Stambolic V, Suzuki A, de la Pompa J L, Brothers G M, Mirtsos C, Sasaki T, Ruland J, Penninger J M, Siderovski D P, Mak T W
Amgen Institute, and Department of Medical Biophysics, University of Toronto, Ontario, Canada.
Cell. 1998 Oct 2;95(1):29-39. doi: 10.1016/s0092-8674(00)81780-8.
PTEN is a tumor suppressor with sequence homology to protein tyrosine phosphatases and the cytoskeletal protein tensin. mPTEN-mutant mouse embryos display regions of increased proliferation. In contrast, mPTEN-deficient immortalized mouse embryonic fibroblasts exhibit decreased sensitivity to cell death in response to a number of apoptotic stimuli, accompanied by constitutively elevated activity and phosphorylation of protein kinase B/Akt, a crucial regulator of cell survival. Expression of exogenous PTEN in mutant cells restores both their sensitivity to agonist-induced apoptosis and normal pattern of PKB/Akt phosphorylation. Furthermore, PTEN negatively regulates intracellular levels of phosphatidylinositol (3,4,5) trisphosphate in cells and dephosphorylates it in vitro. Our results show that PTEN may exert its role as a tumor suppressor by negatively regulating the PI3'K/PKB/Akt signaling pathway.
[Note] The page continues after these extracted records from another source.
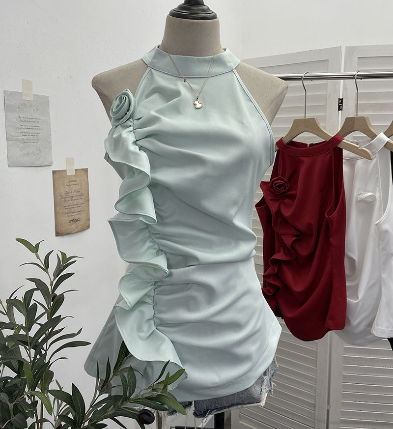Spicy Design Sleeveless Leaves Three-Dimensional Flower Blouse Atmosphere Slimming Waist 1166 HZ1208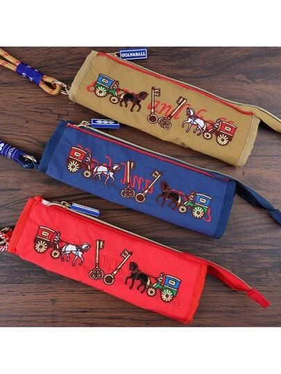 新款日式刺绣化妆收纳包时尚防水便携收纳袋零钱包铅笔袋女士钱包迷你钱包钱包腕包旅行钱包零钱包 - 彩色 - 查看 15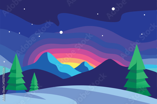 winter, christmas, landscape, snow, sky, vector, tree, night, mountain, nature, illustration, house, scene, cold, holiday, forest, season, mountain, christmas, moon, card, hill, celebration, decoration, star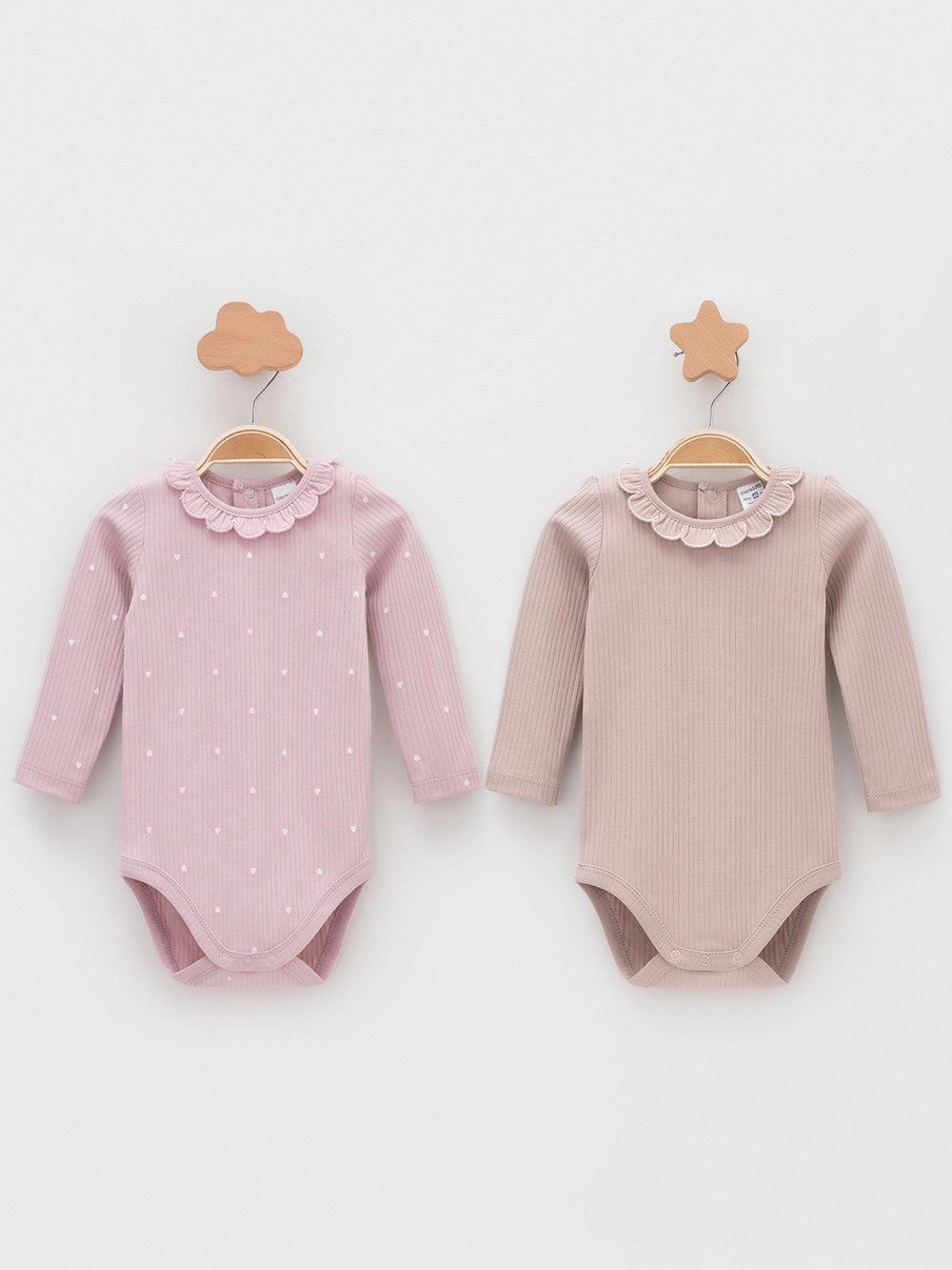 Боди для новорождённых из мягкого эластичного трикотажа, произведённого из натурального хлопка. В упаковке 2 штуки. Застёгиваются на кнопки на спинке и по низу изделий. Все трикотажные полотна производятся в соответствии с нормами швейцарского сертификата ЭкоТекс.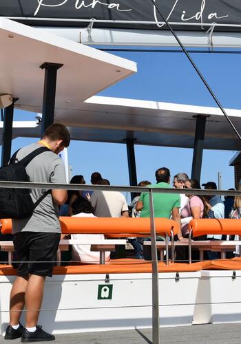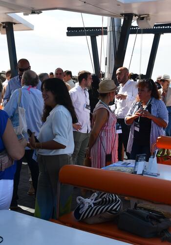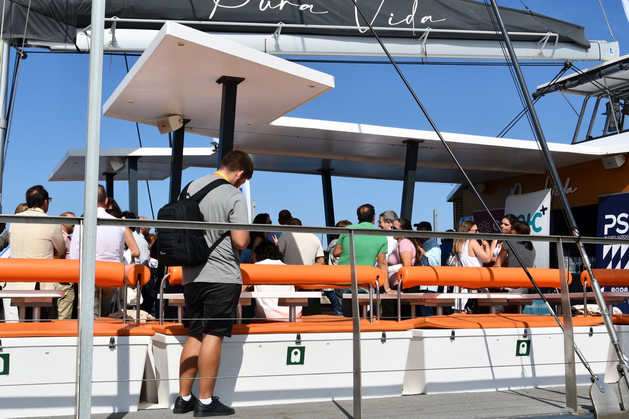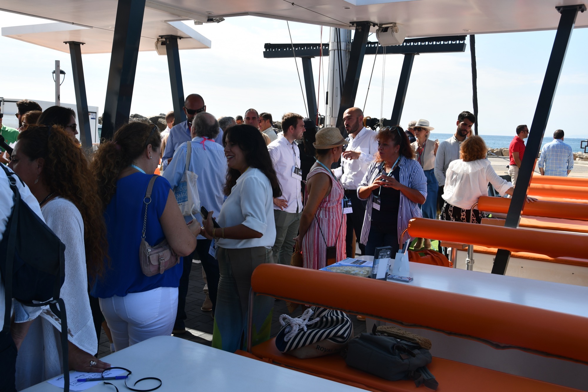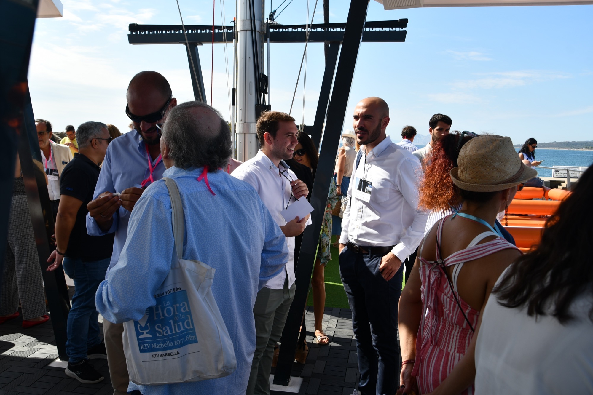 Unos cien participantes se han dado cita hoy miércoles en Puerto Sotogrande con motivo de un Encuentro de Networking de Empresas de los Sectores Turístico y Náutico, que se ha celebrado a bordo del catamarán Pura Vida. Los asistentes se dividieron en cinco grupos de trabajo para tratar de distintas cuestiones mientras navegaban en la citada embarcación, con el objetivo de crear sinergias con las que mejorar sus negocios.

PTEN是一种肿瘤抑制因子,与蛋白质酪氨酸磷酸酶和细胞骨架蛋白张力蛋白具有序列同源性。mPTEN突变的小鼠胚胎显示出增殖增加的区域。相反,mPTEN缺陷的永生化小鼠胚胎成纤维细胞对多种凋亡刺激引起的细胞死亡敏感性降低,同时蛋白激酶B/Akt(细胞存活的关键调节因子)的活性和磷酸化持续升高。在突变细胞中表达外源性PTEN可恢复其对激动剂诱导的凋亡的敏感性以及PKB/Akt磷酸化的正常模式。此外,PTEN在细胞中负调节磷脂酰肌醇(3,4,5)三磷酸的细胞内水平,并在体外使其去磷酸化。我们的结果表明,PTEN可能通过负调节PI3'K/PKB/Akt信号通路发挥其作为肿瘤抑制因子的作用。